───── Data provided

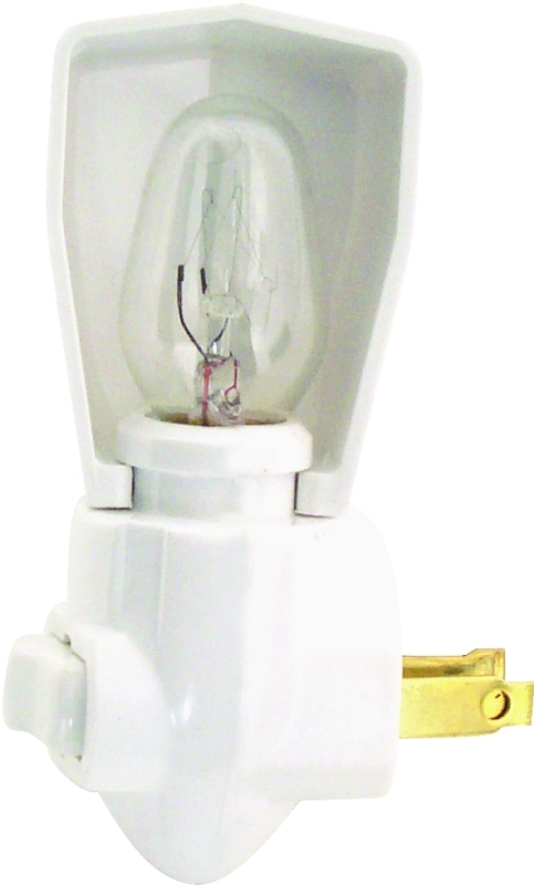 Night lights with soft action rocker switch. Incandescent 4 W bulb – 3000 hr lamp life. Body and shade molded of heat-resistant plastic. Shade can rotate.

──────────
───── Data provided

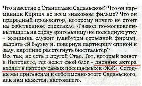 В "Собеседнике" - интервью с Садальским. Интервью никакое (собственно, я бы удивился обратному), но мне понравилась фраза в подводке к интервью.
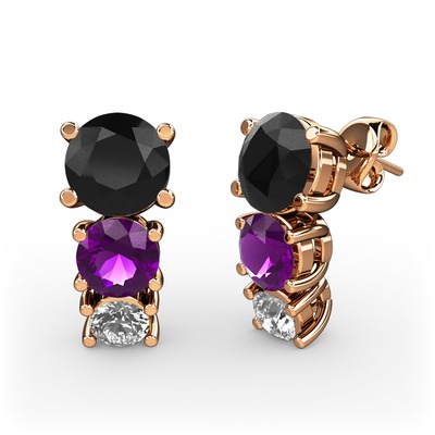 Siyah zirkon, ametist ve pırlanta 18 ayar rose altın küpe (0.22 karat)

──────────

Quote the data above exactly from the line with "подводке к интервью." to the line with "Siyah zirkon, ametist", both ends counted, and nothing else. Pictures don't go in.

* **Your solution**:
 В "Собеседнике" - интервью с Садальским. Интервью никакое (собственно, я бы удивился обратному), но мне понравилась фраза в подводке к интервью.
 Siyah zirkon, ametist ve pırlanta 18 ayar rose altın küpe (0.22 karat)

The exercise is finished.